У Ральфа был такой вид, словно он тоже думает о беглом прикосновении губ, которое горело в ее мозгу как клеймо. Но этого не может быть. Поцелуй ведь ей только приснился…
— Мы будем встречаться каждое утро, пока я окончательно не спланирую и не проведу гонку Тур д'Оберхоф, — решительно ответил он.
Она жестом показала на гору бумаг.
— Сомневаюсь, что смогу уделить вам много времени.
Выражение лица Ральфа говорило, что он с наслаждением смахнул бы эти бумаги со стола.
— У вас нет выбора. В данный момент этот проект является делом первостепенной важности. Я знаю, что Эрих уже сообщил вам об этом.

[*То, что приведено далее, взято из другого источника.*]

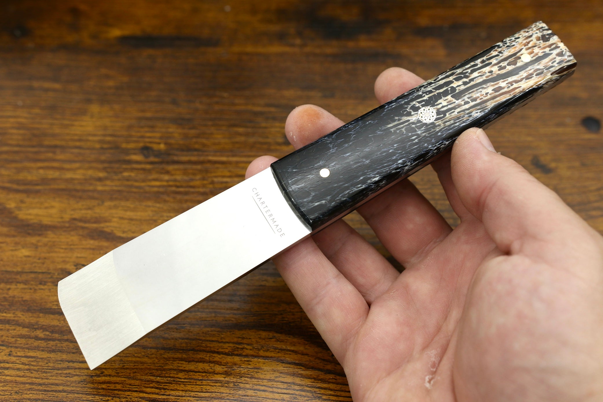 The blade is made from Böhler-Udderholm N690 steel and has polished finished. The handle has been designed with chamfered edges and has a slight domed shape so it fits comfortably in the hand and is easy to use.

Откуда он знает, о чем шла речь на совещании с князем Эрихом? Ингрид не сумела скрыть, что идея проведения спортивных соревнований в замке ей не нравится. Однако князь еще раз подчеркнул значение велогонки для будущего благотворительного фонда и предупредил, что программа материальной помощи детям из бедных семей находится под угрозой срыва. Ральф — двоюродный брат князя. Черт побери, кровные узы — дело святое, но на сына Ральфа это не распространяется, подумала Ингрид, радуясь приходу гнева, который помог ей забыть о злополучном поцелуе. Эта дурацкая гонка ей не по душе, но все остальные, кажется, думают по-другому.

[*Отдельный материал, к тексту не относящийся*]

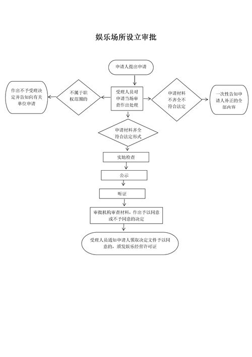 《娱乐场所管理条例》(国务院令第458号发布,第666号修订)第九条第一款 设立娱乐场所,应当向所在地县级人民政府文化主管部门提出申请;设立中外合资经营、中外合作经营的娱乐场所,应当向所在地省、自治区、直辖市人民政府文化主管部门提出申请。第三款 受理申请的文化主管部门应当就书面声明向公安部门或者其他有关单位核查,公安部门或者其他有关单位应当予以配合;经核查属实的,文化主管部门应当依据本条例第七条、第八条的规定进行实地检查,作出决定。予以批准的,颁发娱乐经营许可证,并根据国务院文化主管部门的规定核定娱乐场所容纳的消费者数量;不予批准的,应当书面通知申请人并说明理由。第十二条 娱乐场所改建、扩建营业场所或者变更场地、主要设施设备、投资人员,或者变更娱乐经营许可证载明的事项的,应当向原发证机关申请重新核发娱乐经营许可证,并向公安部门备案;需要办理变更登记的,应当依法向工商行政管理部门办理变更登记。第七条 娱乐场所不得设在下列地点:(一)居民楼、博物馆、图书馆和被核定为文物保护单位的建筑物内;(二)居民住宅区和学校、医院、机关周围;(三)车站、机场等人群密集的场所;(四)建筑物地下一层以下;(五)与危险化学品仓库毗连的区域。娱乐场所的边界噪声,应当符合国家规定的环境噪声标准。第八条 娱乐场所的使用面积,不得低于国务院文化主管部门规定的最低标准;设立含有电子游戏机的游艺娱乐场所,应当符合国务院文化主管部门关于总量和布局的要求。 |

Что является причиной ее антипатии — гонка или сам Ральф? Едва ли можно отделить одно от другого. Если бы Ральф выполнил свой долг перед Урсулой и их ребенком, Ингрид отнеслась бы к этой идее без предубеждения. Но она не могла простить Ральфу, что он отвернулся от собственного ребенка, и это отношение распространилось на все их совместные дела.
Пытаясь избежать его взгляда, она потянула к себе какую-то бумагу.
— Князь просил меня помочь вам работать над проектом, но не сказал, на какой срок я должна отложить выполнение своих прямых обязанностей.
Ральф уперся ладонями в крышку стола.
— Тогда я сделаю это сам. Если гонка не будет иметь успеха, то, даже если вы выставите все имеющиеся в замке картины, это ничего не изменит. Поэтому я предлагаю вам отложить все другие планы на сегодняшнее утро.
Она чопорно сложила руки, заставила себя поднять глаза, увидела гневный взгляд Ральфа, и сердце ее сжалось.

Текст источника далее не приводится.